= East Mauch Chunk, Pennsylvania =

East Mauch Chunk is a former independent borough in Carbon County, Pennsylvania, United States. Located along the east bank of the Lehigh River on the opposite bank from the town business district, it was part of Northeastern Pennsylvania.

Originally in the former Township of Mauch Chunk, the Court of Quarter Sessions of the Peace of Carbon County, Pennsylvania, incorporated land on both sides of the Lehigh River into the Borough of Mauch Chunk by decree of January 26, 1850, which became effective January 31, 1850. On January 21, 1854, an Act of Assembly was approved by Governor William Bigler incorporating that portion of the Borough of Mauch Chunk to the northeast of the center line of the Lehigh River into a separate borough by the name of the Borough of East Mauch Chunk.

On February 16, 1954, the Boroughs of Mauch Chunk and East Mauch Chunk entered into an agreement to hold a referendum on May 18, 1954, to determine if the boroughs should be consolidated as the Borough of Jim Thorpe. The referendum was approved by wide margins, with voters in the Borough of Mauch Chunk voting 1026 in favor to 90 against, and the Borough of East Mauch Chunk voting 1179 in favor to 109 against. As of January 3, 1955, the two boroughs were united.

==Geography==
The neighborhood is located along the eastern left bank of the Lehigh River on the opposite bank from the Jim Thorpe business district. Situated on a gently rising slope of Bear Mountain, and its street grid is arrayed along either side of PA 903 which proceeds almost due northeast roughly parallel to the south-facing escarpment of Bear Mountain to connect with Albrightsville and originates across the bridge joining the neighborhood with Jim Thorpe's business district and Tees into US 209. By the 1790s, the area above the Lehigh Gap was being regularly penetrated by pioneers, and logging companies, in the face of the developing energy crisis, began small scale operations. Sitting to south of the dominant height of Broad Mountain across the Lehigh from where the Nesquehoning Creek crashes into the Lehigh in direct opposition, their confluence skews off at right angles to both in a wide mile long 'slack water pool' that sits between railyards on both banks and was the historic divide between the Mauch Chunk sides. Today's town, Jim Thorpe consisting of both halves is joined by a bridge, which was not so in the earliest days.
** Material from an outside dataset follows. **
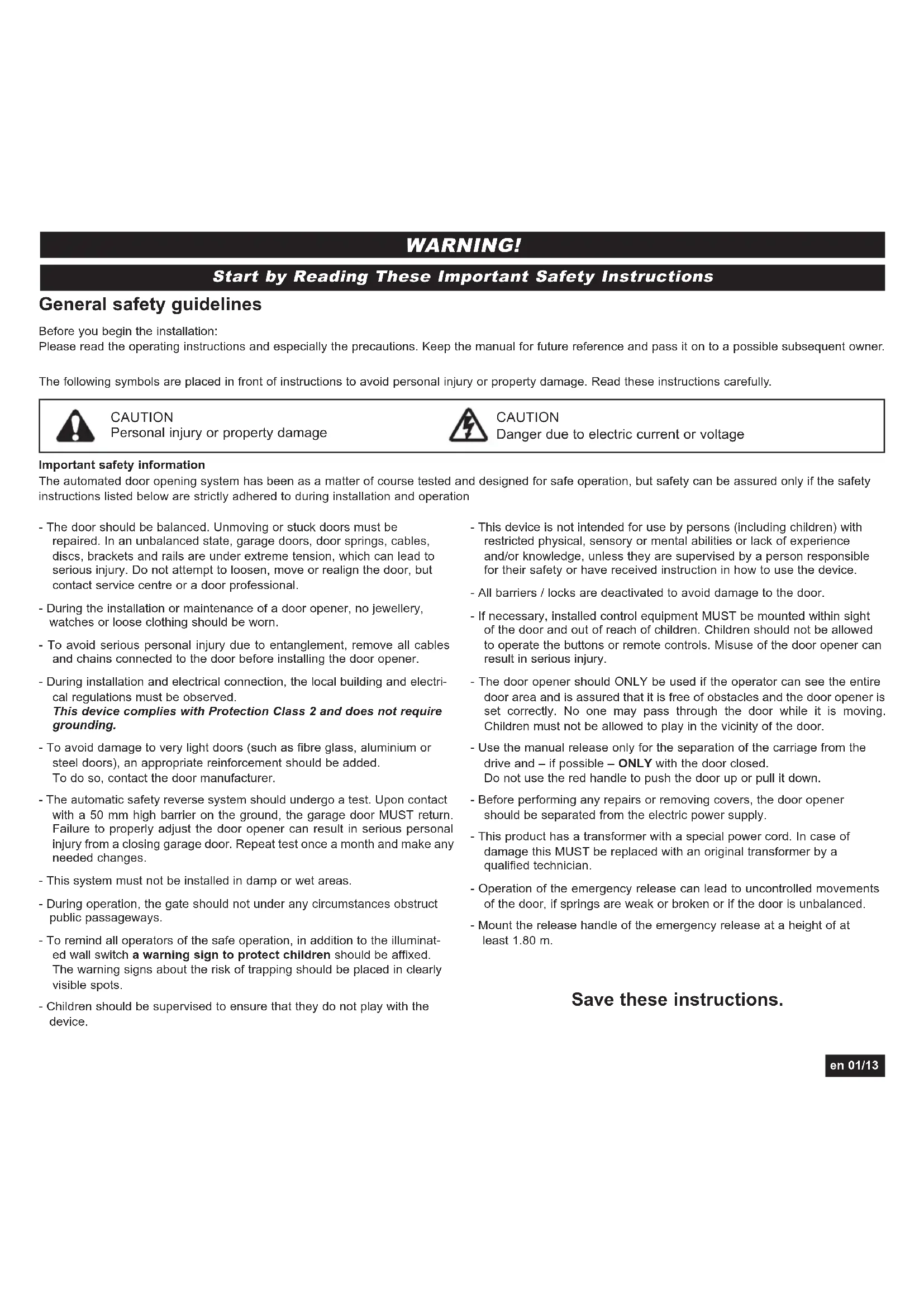 - 37 Declaration of conformity Start by Reading These Important Safety Instructions WARNING! - The door should be balanced. Unmoving or stuck doors must be repaired. In an unbalanced state, garage doors, door springs, cables, discs, brackets and rails are under extreme tension, which can lead to serious injury. Do not attempt to loosen, move or realign the door, but contact service centre or a door professional. - During the installation or maintenance of a door opener, no jewellery, watches or loose clothing should be worn. - To avoid serious personal injury due to entanglement, remove all cables and chains connected to the door before installing the door opener. - During installation and electrical connection, the local building and electri- cal regulations must be observed. This device complies with Protection Class 2 and does not require grounding. - To avoid damage to very light doors (such as fibre glass, aluminium or steel doors), an appropriate reinforcement should be added. To do so, contact the door manufacturer. - The automatic safety reverse system should undergo a test. Upon contact with a 50 mm high barrier on the ground, the garage door MUST return. Failure to properly adjust the door opener can result in serious personal injury from a closing garage door. Repeat test once a month and make any needed changes. - This system must not be installed in damp or wet areas. - During operation, the gate should not under any circumstances obstruct public passageways. - To remind all operators of the safe operation, in addition to the illuminat- ed wall switch a warning sign to protect children should be affixed. The warning signs about the risk of trapping should be placed in clearly visible spots. - Children should be supervised to ensure that they do not play with the device. - This device is not intended for use by persons (including children) with restricted physical, sensory or mental abilities or lack of experience and/or knowledge, unless they are supervised by a person responsible for their safety or have received instruction in how to use the device. - All barriers / locks are deactivated to avoid damage to the door. - If necessary, installed control equipment MUST be mounted within sight of the door and out of reach of children. Children should not be allowed to operate the buttons or remote controls. Misuse of the door opener can result in serious injury. - The door opener should ONLY be used if the operator can see the entire door area and is assured that it is free of obstacles and the door opener is set correctly. No one may pass through the door while it is moving. Children must not be allowed to play in the vicinity of the door. - Use the manual release only for the separation of the carriage from the drive and – if possible – ONLY with the door closed. Do not use the red handle to push the door up or pull it down. - Before performing any repairs or removing covers, the door opener should be separated from the electric power supply. - This product has a transformer with a special power cord. In case of damage this MUST be replaced with an original transformer by a qualified technician. - Operation of the emergency release can lead to uncontrolled movements of the door, if springs are weak or broken or if the door is unbalanced. - Mount the release handle of the emergency release at a height of at least 1.80 m. Save these instructions. CAUTION Personal injury or property damage CAUTION Danger due to electric current or voltage General safety guidelines Before you begin the installation: Please read the operating instructions and especially the precautions. Keep the manual for future reference and pass it on to a possible subsequent owner. The following symbols are placed in front of instructions to avoid personal injury or property damage. Read these instructions carefully. Important safety information The automated door opening system has been as a matter of course tested and designed for safe operation, but safety can be assured only if the safety instructions listed below are strictly adhered to during installation and operation en 01/13Intended use The device is intended for the opening and closing of garage doors (please refer to section 6 “Door Types”). The device is not meant for commercial use but solely for the use in private garage doors that are appropriate for a single household. Any improper use of the drive could increase the risk of accidents. The manufacturer assumes no liability for such usage. Scope of supply Please check the supplied parts for completeness before starting the instal- lation. Note: The numbering only applies to the corresponding section. Product overview This figure always offers you a complete overview of the ready- assembled system during the step by step installation of the system. Parts overview (Drivehead): p. 13

East Mauch Chunk had a bridge crossing the Lehigh Gorge above the railroad tracks of the Beaver Meadow Railroad, Lehigh Valley Railroad, and the Lehigh & Susquehanna Railroad giving access to the resort Inn above the picturesque Glen Onoko Falls. The land of East Mauch Chunk above the cut bank of the river floodplain slopes gradually up and away to the northeast from the river, and homeowners have a beautiful view supporting the region's nickname.
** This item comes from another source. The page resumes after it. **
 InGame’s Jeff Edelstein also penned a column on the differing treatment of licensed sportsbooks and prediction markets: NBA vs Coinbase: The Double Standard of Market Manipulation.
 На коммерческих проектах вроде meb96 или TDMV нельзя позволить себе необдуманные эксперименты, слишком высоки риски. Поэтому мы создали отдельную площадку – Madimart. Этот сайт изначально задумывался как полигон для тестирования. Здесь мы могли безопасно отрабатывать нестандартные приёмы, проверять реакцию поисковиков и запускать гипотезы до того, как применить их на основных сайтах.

East Mauch Chunk was occupied first by European pioneering employees of the Lehigh Coal Mine Company in the early 1790s as a logging camp supporting the building of coal arks on the bank below and after Lausanne was settled, such crews timbering and boat building stayed at the Landing Tavern (and Inn) across the river along the Lausanne-Nescopeck Turnpike toll house at Lausanne Landing, then in 1818 became suburb of the Lehigh Coal & Navigation Company's fast growing activities, then found active growth as a railroad company town servicing the left bank rail yards of the Beaver Creek Railroad and Mining Company, then the successor Lehigh Valley Railroad founded in the 1870s.
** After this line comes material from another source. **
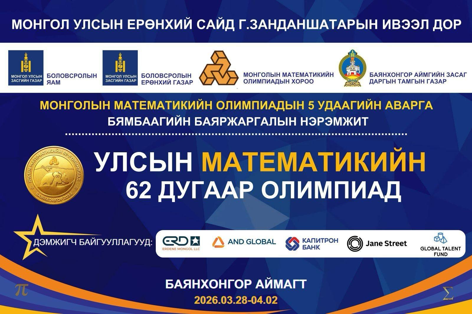 Монгол Улсын математикийн 62 дахь удаагийн олимпиад өнгөрөгч долоо хоногт Баянхонгор аймагт зохион байгуулагдлаа.
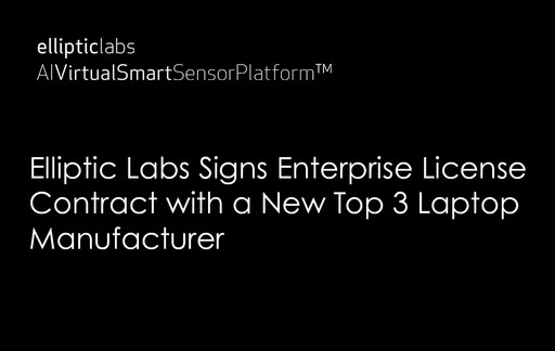 “I’m thrilled to announce that we have signed a new enterprise license agreement with one more of the top-3 laptop manufacturers. This marks another important milestone in becoming the definitive human presence detection solution for the PC/laptop industry at large.” says Laila Danielsen, CEO of Elliptic Labs. “In addition to human presence detection, the largest PC OEMs are seeking differentiating solutions that deliver frictionless user experiences across their broader product portfolio. Elliptic Labs AI Virtual Smart Sensor Platform offers our OEM customers the flexibility and choice they need to build toward that vision.”

Today the village is primarily a bedroom community and also a tourist waypoint as the southern entrance to Lehigh Gorge State Park; among other traffic, white water rafting and water sports sporting companies shuttle tourists into and through the community. The Norfolk Southern Railroad and Reading Blue Mountain and Northern Railroads still utilize the rail yard along the foot of Bear Mountain which towers above the town to the east and south. Mount Pisgah towering above Mauch Chunk Creek through the town's business district, as it splits into Pisgah Ridge and Nesquehoning Mountain and the flanking ridgelines of Mahoning Mountain to the south and Broad Mountain to the north are all seen nearly end on from East Mauch Chunk, making for a scenic vista in nearly any direction.